Breaking the ‘Accept Everything’ Trap
“In today’s market, the pressure to accept more freight is intense, but accepting the wrong freight creates downstream problems,” said Daniel Powell, CEO of Optimal Dynamics, in a release.
“Carriers don’t just need automation; they need a system that understands their network and proactively works to improve it,” he explained.
Scale makes smarter decisions earlier in the order lifecycle, where imbalance and profit erosion often begin.
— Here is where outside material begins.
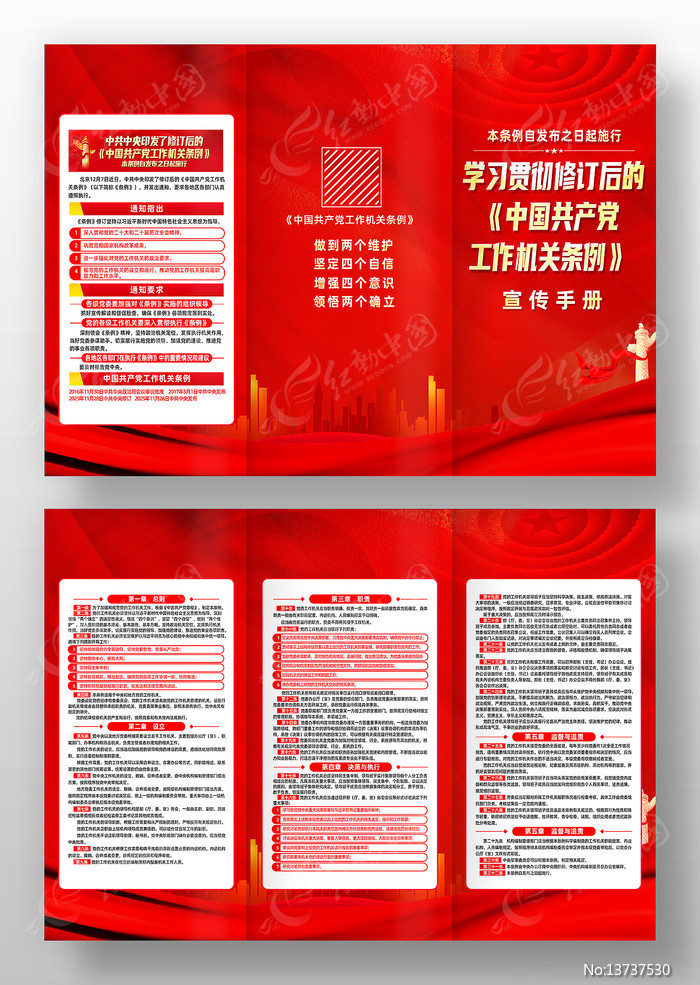 红动中国提供原创修订后的中国共产党工作机关条例三折页下载,作品以中国共产党工作机关条例为主题而设计,可作为中国共产党工作机关条例,工作机关条例,中国共产党,党建文化,党建宣传等主题图片使用,修订后的中国共产党工作机关条例三折页,编号13737530,格式PSD,尺寸297x210毫米,大小34.24 MB,欢迎会员进行下载。
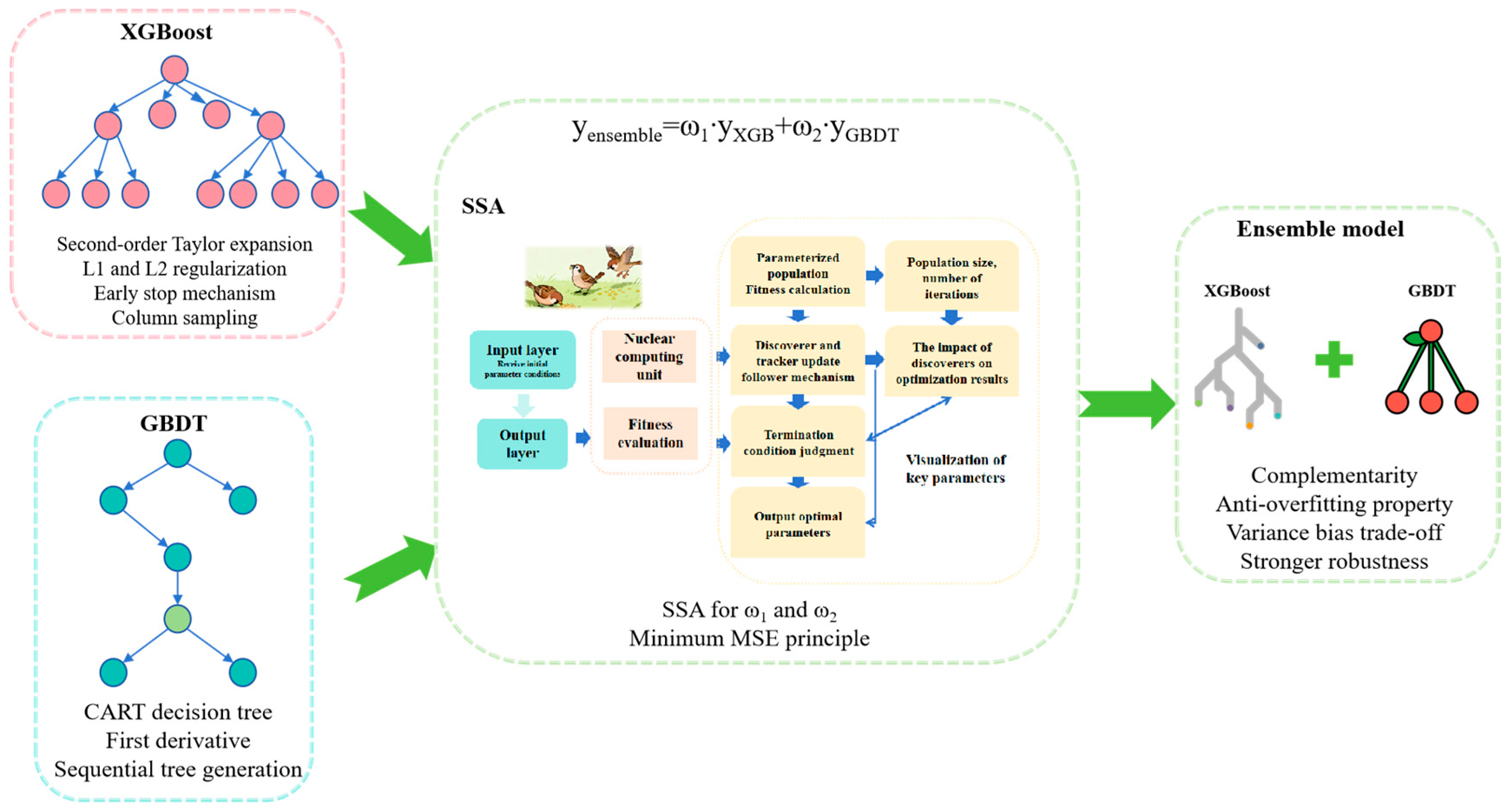 28]. Therefore, for specific datasets, GBDT may have better regression performance. The XGBoost and GBDT, trained separately, were weighted and combined. The optimal values of weights ω1 and ω2 were searched for based on a sparrow search algorithm (SSA). The goal of the optimization algorithm was to minimize mean squared error (

Autonomously Sourcing, Negotiating, or Declining Loads
Optimal Dynamics’ core optimization engine continuously evaluates opportunities across the entire network. In parallel, the Atlas agentic layer executes the necessary actions by autonomously sourcing, negotiating, or declining freight at scale.
“Instead of our team chasing opportunities manually,” said Michael McGovern, chief operating officer at Leonard’s Express, “we expect Scale’s agents to aggregate freight from many places, act autonomously, and secure the loads that align with our network strategy without us having to intervene on every decision.”